## Task goal
Return the full listing unchanged, excluding any images it contains.

** Opening Given data block **

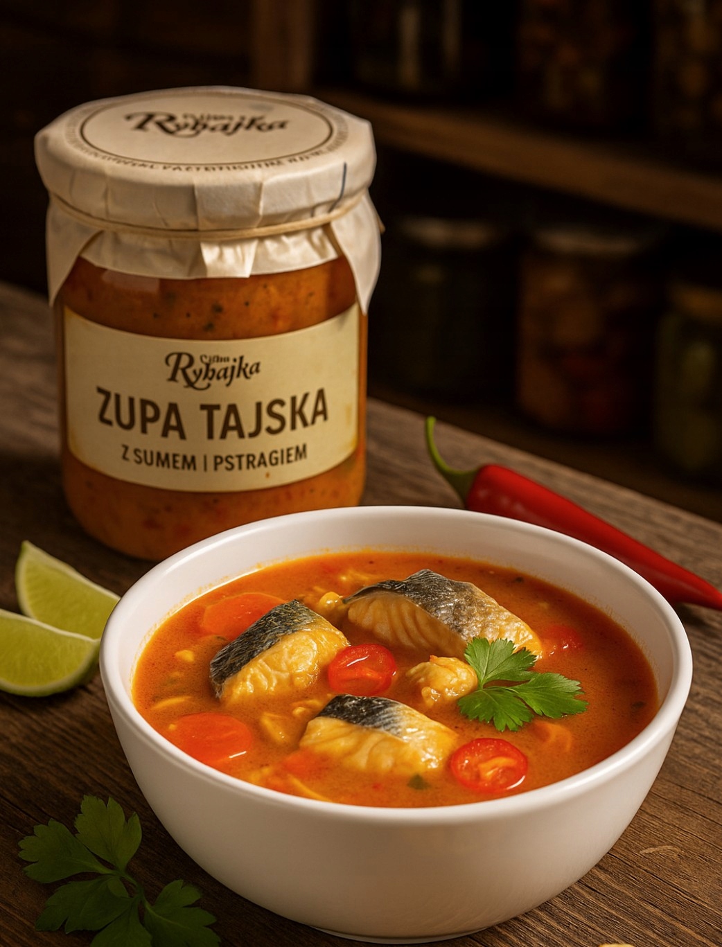Orientalna zupa o głębokim, wyrazistym smaku. Soczyste kawałki suma i delikatny pstrąg zanurzone są w aksamitnym mleczku kokosowym, doprawionym aromatyczną pastą curry, która nadaje całości charakterystycznej ostro-słodkiej nuty. Papryka i świeże warzywa dodają naturalnej słodyczy, lekkości i koloru, tworząc idealną harmonię z kremową bazą.
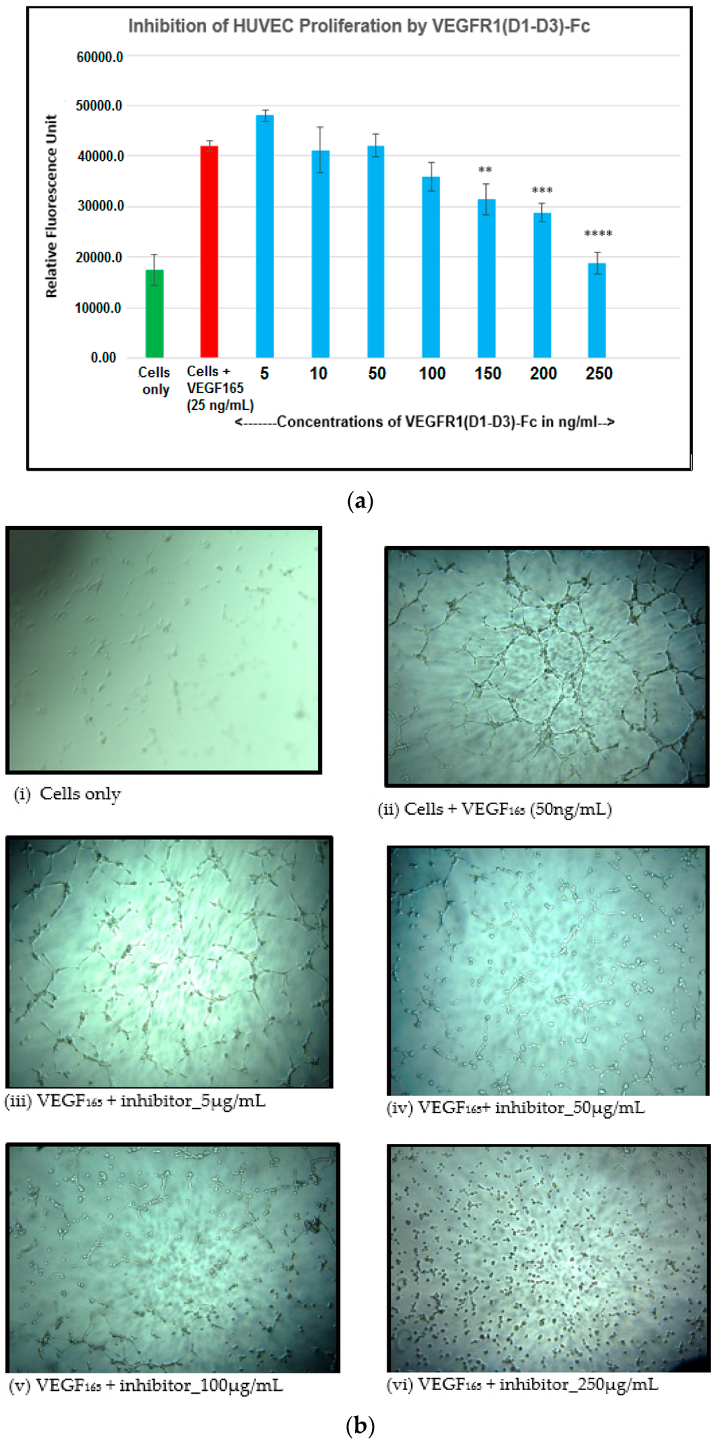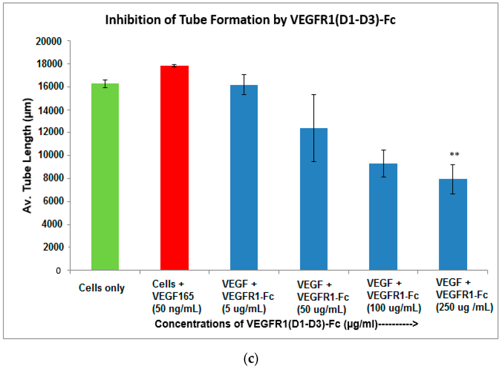 VEGFR1(D1–D3)-Fc protein was used to check its inhibitory activity on network formation by endothelial cells. Images were taken with a digital camera fitted to an inverted microscope under 5× magnification (Figure 7b,c).
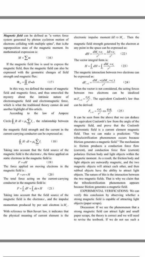 比如说:传统的教科书都告诉我们,摩擦产生了电荷,电荷产生了静电场,静电场是单极场,这其实完全是错的,摩擦产生的是偶极磁场,根本不是单极场,所以,传统的教科书说那些,根本就是在误导学生。这些实验细节都经受了约瑟夫森教授的审核的。

** Closing Given data block **

## Reply
Orientalna zupa o głębokim, wyrazistym smaku. Soczyste kawałki suma i delikatny pstrąg zanurzone są w aksamitnym mleczku kokosowym, doprawionym aromatyczną pastą curry, która nadaje całości charakterystycznej ostro-słodkiej nuty. Papryka i świeże warzywa dodają naturalnej słodyczy, lekkości i koloru, tworząc idealną harmonię z kremową bazą.
 VEGFR1(D1–D3)-Fc protein was used to check its inhibitory activity on network formation by endothelial cells. Images were taken with a digital camera fitted to an inverted microscope under 5× magnification (Figure 7b,c).
 比如说:传统的教科书都告诉我们,摩擦产生了电荷,电荷产生了静电场,静电场是单极场,这其实完全是错的,摩擦产生的是偶极磁场,根本不是单极场,所以,传统的教科书说那些,根本就是在误导学生。这些实验细节都经受了约瑟夫森教授的审核的。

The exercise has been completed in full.